The Bell family “farm” in rural Macon, Georgia, was but five acres yet for most of its existence, it was a Garden of Eden.
Tomato, cucumber, lettuce, and collard greens sprouted from its fertile soil. Chickens roamed free. Bridgette (Bell) Kinzer worked the land and raised livestock alongside her father and older brothers. She thought she knew the full story of her father’s generosity.
“He taught us about community,” Kinzer said. “He taught us about helping out your neighbor.” Decades later, she learned that McClenton, her father, shared much of the garden’s bounty with neighbors — free, with no strings attached — who struggled to put food on the table.
Kinzer spent 10 years in the Navy. Before her discharge in 1996, her mother, Hedy, died. For a time, McClenton lived alone, too weak by then to tend to the farm. The crops were left to spoil. Kinzer involuntarily became her father’s caretaker — doing so while commuting nearly two hours each way to her job in Atlanta.
“I’ve always just done whatever I needed to just make sure my dad had what he needed and to keep him, you know, happy and young,” she said.
McClenton died in the hospital in Nov. 2020 from complications attributed to COVID-19. Kinzer held her father’s hand when he took his final breath.
In the final months of McClenton’s life, Kinzer, by then living in Marietta, north of Atlanta, found herself in a predicament — struggling to pay rent, barely affording the trip to the supermarket.

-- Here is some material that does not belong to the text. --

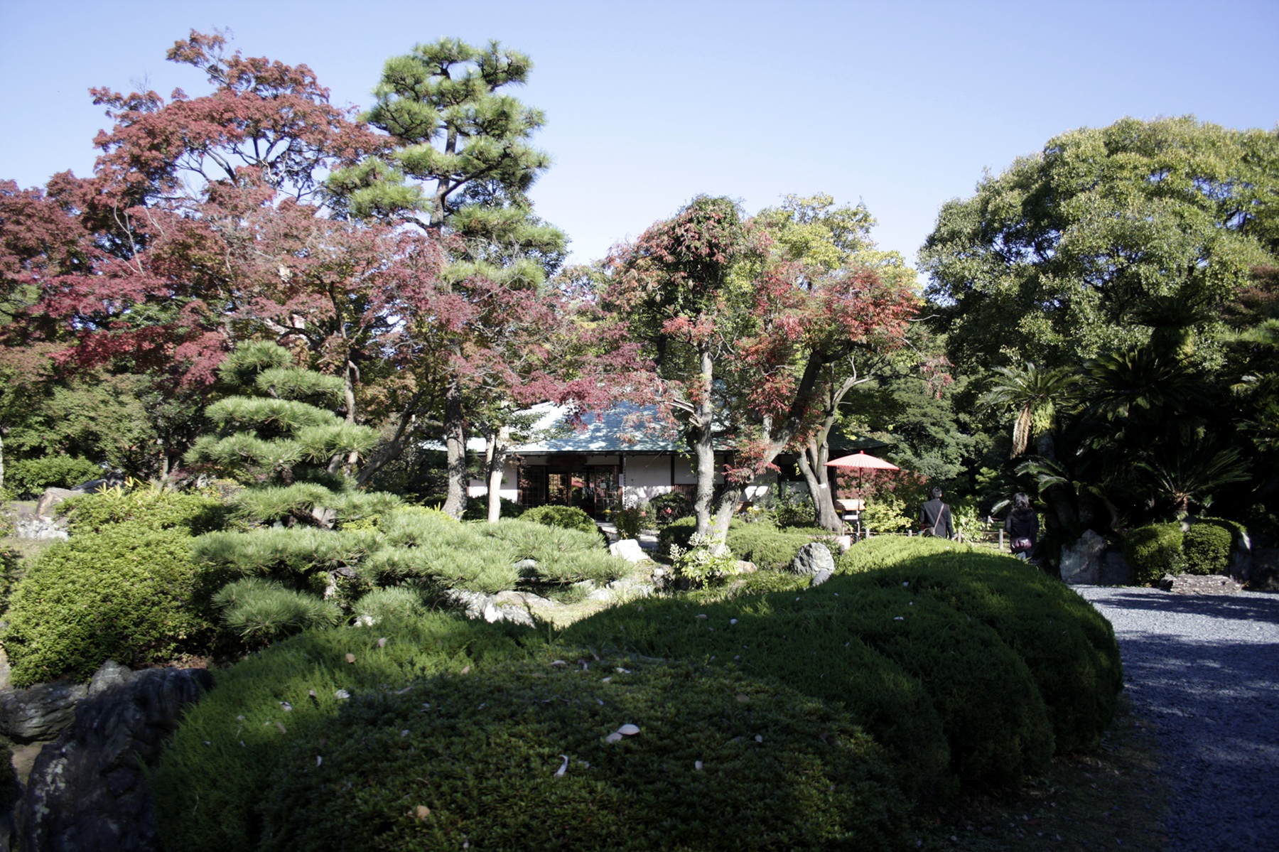 丸く刈り込まれたツツジやサツキ、紅葉百選にも選ばれているモミジなど、季節の見どころも。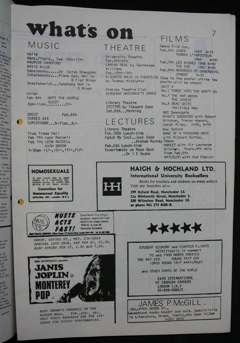 Taken from the Manchester Independent Newspaper, written and edited by University of Manchester students. With thanks to James Peters at the University of Manchester Archives and Ben Ward at The University of Manchester Students' Union.

“If I don’t work, I don’t get paid,” she explained about working contract to contract as a human resources consultant. Given that the work and paycheck are prone to fluctuating, she supplements her income by working part-time at a TJ Maxx. When the first wave of COVID-19 transmissions began spreading in Ga., she lost her retail job. Consulting opportunities hardly trickled in.
By the summer, Kinzer said, “Dad had started needing round-the-clock care." Hospice came to her home each day but was scheduled for only several hours. Pandemic or no pandemic, “I probably would’ve had to stop working anyway just to be able to be here for the other amount of time that the hospice weren’t here.” There were other ancillary costs.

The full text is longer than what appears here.